Syntax for Direct Construction
You can use the keyword ARRAY to construct an array type inside of a query. For example, to create an array of INT, you would do the following:
=> SELECT array_max(ARRAY[1,2,3]);
A two-dimensional array of INT would be declared as:
=> SELECT array_dims(ARRAY[[1,3,5],[2,4,6]]);
Array Input Format for Column Definition
Use "ARRAY[data_type]" to declare an array column in a table. The following example defines an external table for customers (abbreviated as cust):
=> CREATE EXTERNAL TABLE cust ( cust_custkey int, cust_custname varchar(50), cust_custstaddress ARRAY[varchar(100)], cust_custaddressln2 ARRAY[varchar(100)], cust_custcity ARRAY[varchar(50)], cust_custstate ARRAY[char(2)], cust_custzip ARRAY[int], cust_email varchar(50), cust_phone varchar(30) ) AS COPY FROM '...' PARQUET;
To declare a multi-dimensional array, use nesting. For example, ARRAY[ARRAY[int]] specifies a two-dimensional array.
Array Output Format
A query reading arrays from external tables results in the following output:
=> SELECT cust_custkey,cust_custstaddress,cust_custcity,cust_custstate from cust; cust_custkey | cust_custstaddress | cust_custcity | cust_custstate -------------+------- ----------------------------------------------+---------------------------------------------+---------------- 342176 | ["668 SW New Lane","518 Main Ave","7040 Campfire Dr"] | ["Winchester","New Hyde Park","Massapequa"] | ["VA","NY","NY"] 342799 | ["2400 Hearst Avenue","3 Cypress Street"] | ["Berkeley","San Antonio"] | ["CA","TX"] 342845 | ["336 Boylston Street","180 Clarkhill Rd"] | ["Boston","Amherst"] | ["MA","MA"] 342321 | ["95 Fawn Drive"] | ["Allen Park"] | ["MI"] 342989 | ["5 Thompson St"] | ["Massillon"] | ["OH"] (5 rows)
Element Access
You can access (dereference) elements from an array by index (zero-based):
=> SELECT (ARRAY['a','b','c','d','e'])[1]; array ------- "b" (1 row)
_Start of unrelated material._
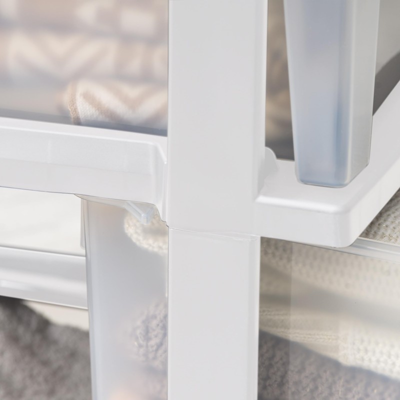 - VERSATILE - The white frame fits perfectly with most décor and provides a sturdy place to store your items and display your favorite things on top. The see-through plastic cabinet with drawers allows for easy identification of all your items.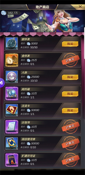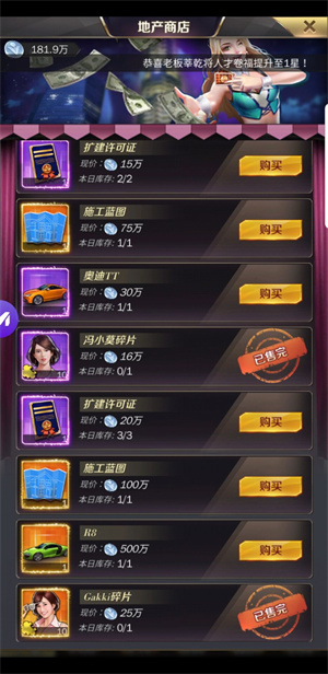 我所购买的仅作参考哈。除了上面提到的三件物品外,我强烈建议一定要买10w地产币的扩建卡,要知道越往后玩,扩建卡就越发短缺。还有50w的住宅蓝图,虽说价格有点高,但也推荐购买,不过这方面大家看法可能不同,自行斟酌就好。

To specify a range, use the format start:end. The end of the range is non-inclusive.
=> SELECT(ARRAY['a','b','c','d','e','f','g'])[1:4]; array --------- ["b","c","d"] (1 row)
Out-of-bound index references return NULL.
Restrictions
- Arrays support only data of primitive types, for example, int, UUID, and so on.
- Arrays are supported only for external tables using Parquet data.
- Arrays are 0-indexed. The first element's ordinal position is 0, second is 1, and so on.
- Array dimensionality is enforced. A column cannot contain arrays of varying dimensions. For example, a column that contains a three-dimensional array can only contain other three-dimensional arrays; it cannot simultaneously include a one-dimensional array. However, the arrays in a column can vary in size, where one array can contain four elements while another contains ten.
- Out-of-bound indexes into arrays return NULL.
Null Handling
Null semantics for arrays are consistent with normal columns. See NULL Sort Order for more information on null-handling.Functions and Operators
See Array Functions for a comprehensive list of functions that can be used to manipulate arrays.